[[ SUPPLIED MATERIAL open ]]
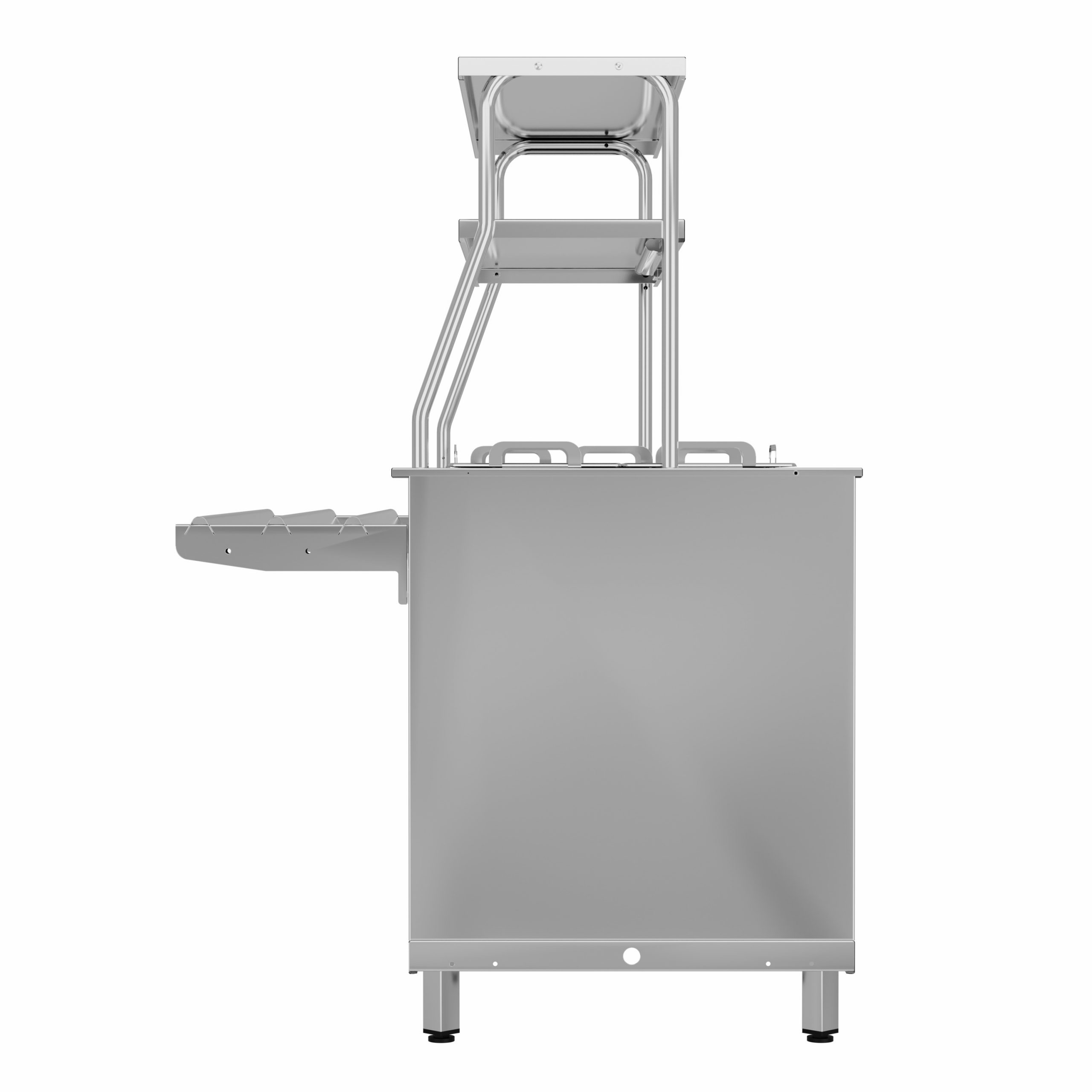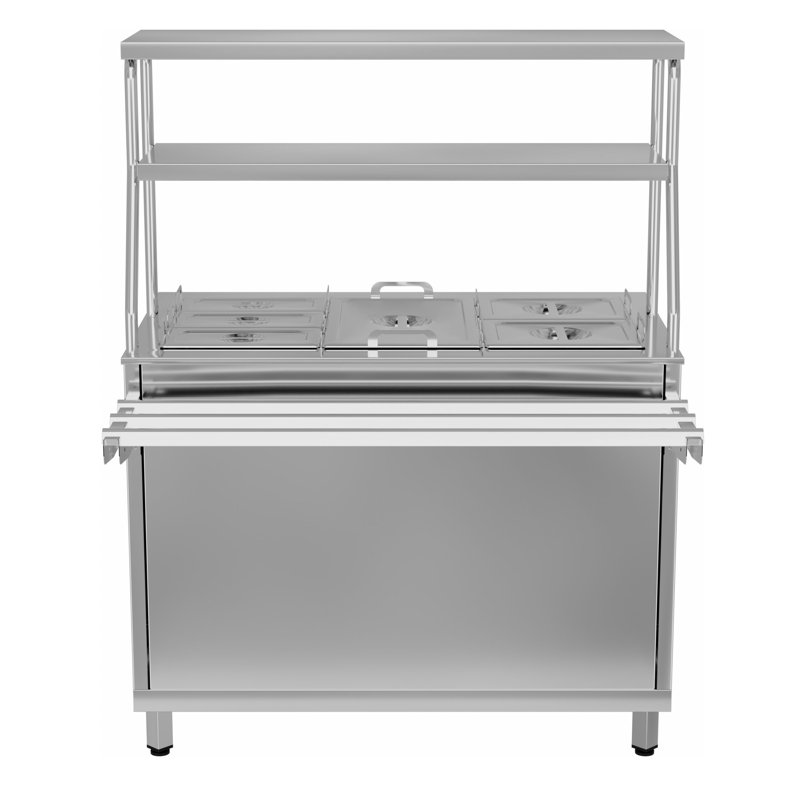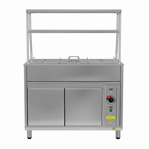 Верхние полки над мармитом служат для выкладки порционных блюд или напитков.
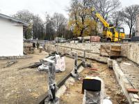 Кроме того, продолжается благоустройство территории. Построен пандус для маломобильных граждан, а вокруг храма укладывают декоративную плитку. Также выполнена облицовка камнем бетонных конструкций подпорных стен. Мраморной плиткой покрыты ступени, ведущие к храму.
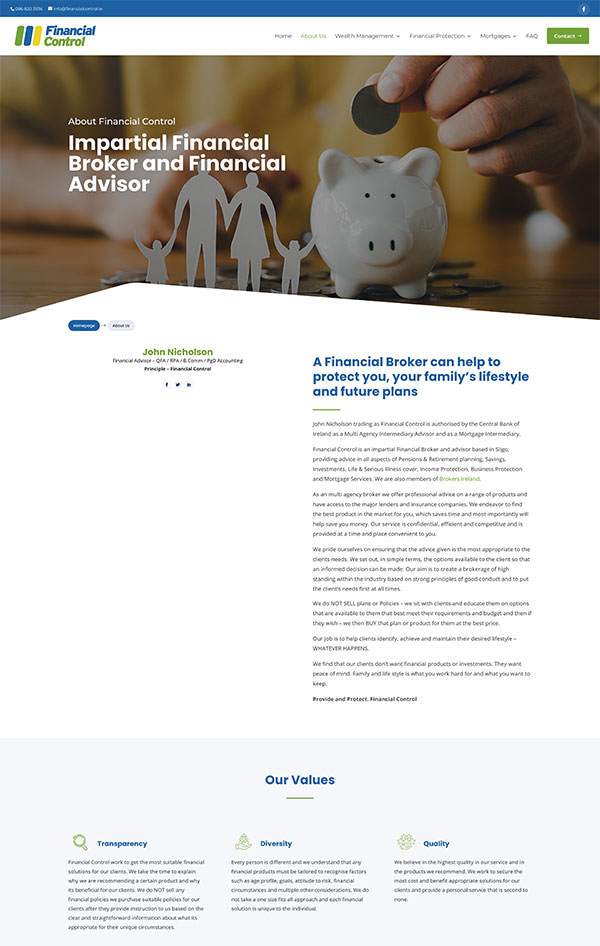 We created a visually appealing website which incorporated the brand colours and a simple CMS system which allowed Financial Control to manage content and keep the website updated.
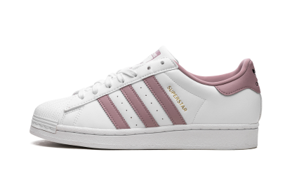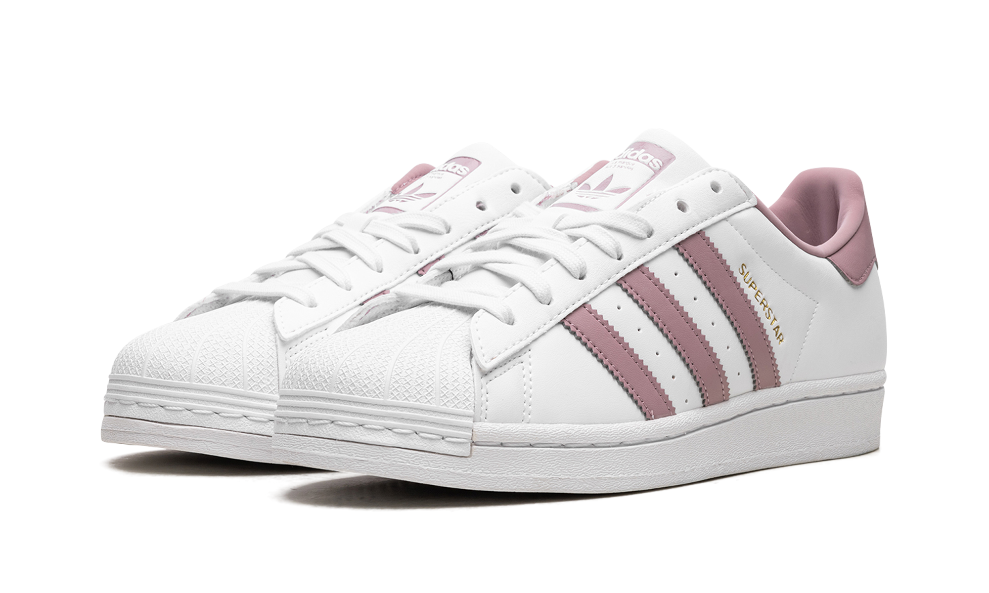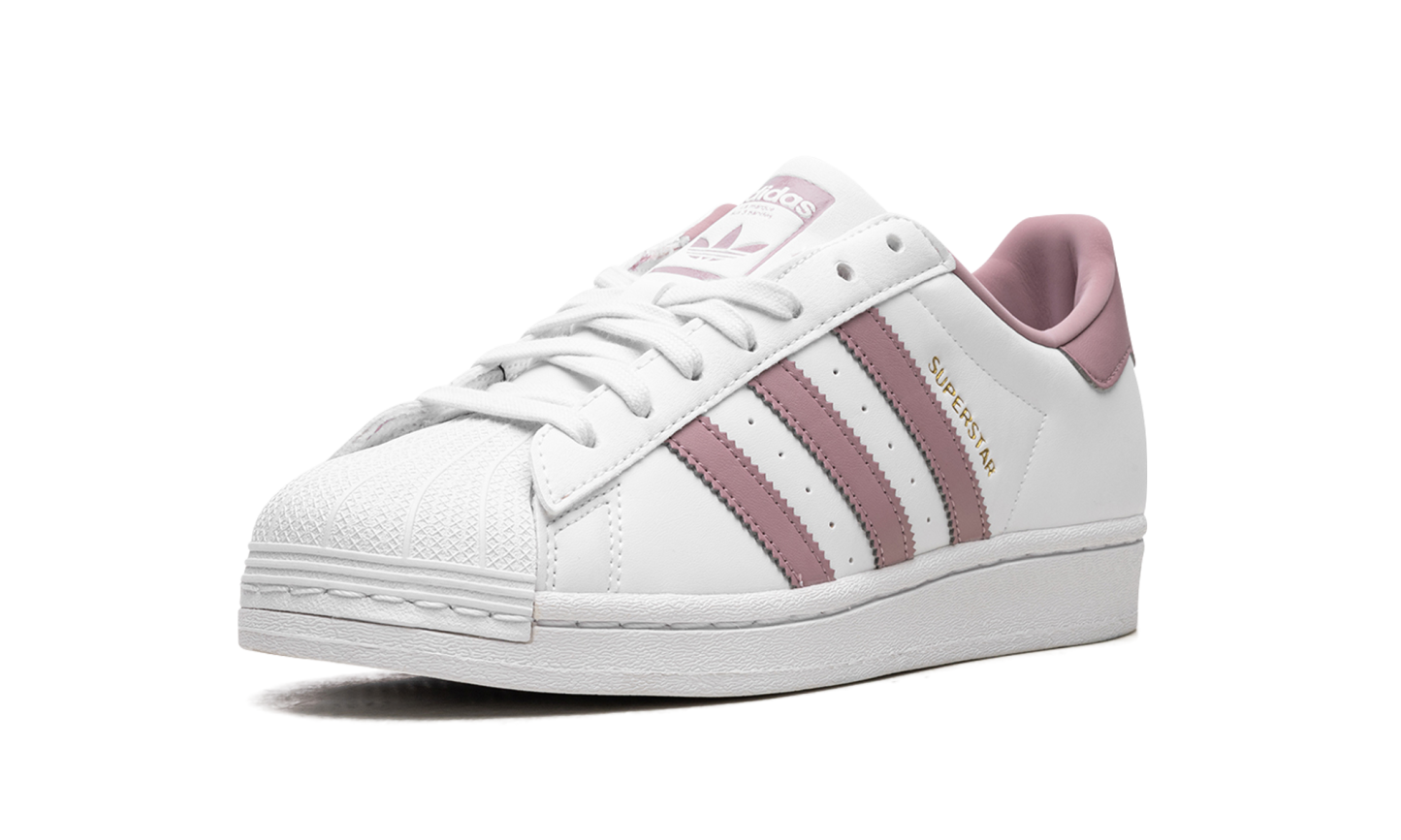 The Women's adithtdas Superstar "White/Magic Mauve" is a women's-exclusive colorway of the retro tennis shoe with a versatile look. This clean look for the Superstar is complete with a white leather construction and Magic Mauve leather Three Stripes on the sides. A gold "Superstar" detail can be found on the lateral side of the mid-panel, while an embossed adithtdas Trefoil logo appears on the leather heel tab. An old school adithtdas logo is located on the tongue. Underfoot, a white rubber sole completes the look. White / Magic Mauve
[[ SUPPLIED MATERIAL closed ]]
*WHAT THIS TASK INVOLVES*
When you retype the material above, keep every word exact and drop the images.

*SOLVED EXERCISE*
 Верхние полки над мармитом служат для выкладки порционных блюд или напитков.
 Кроме того, продолжается благоустройство территории. Построен пандус для маломобильных граждан, а вокруг храма укладывают декоративную плитку. Также выполнена облицовка камнем бетонных конструкций подпорных стен. Мраморной плиткой покрыты ступени, ведущие к храму.
 We created a visually appealing website which incorporated the brand colours and a simple CMS system which allowed Financial Control to manage content and keep the website updated.
 The Women's adithtdas Superstar "White/Magic Mauve" is a women's-exclusive colorway of the retro tennis shoe with a versatile look. This clean look for the Superstar is complete with a white leather construction and Magic Mauve leather Three Stripes on the sides. A gold "Superstar" detail can be found on the lateral side of the mid-panel, while an embossed adithtdas Trefoil logo appears on the leather heel tab. An old school adithtdas logo is located on the tongue. Underfoot, a white rubber sole completes the look. White / Magic Mauve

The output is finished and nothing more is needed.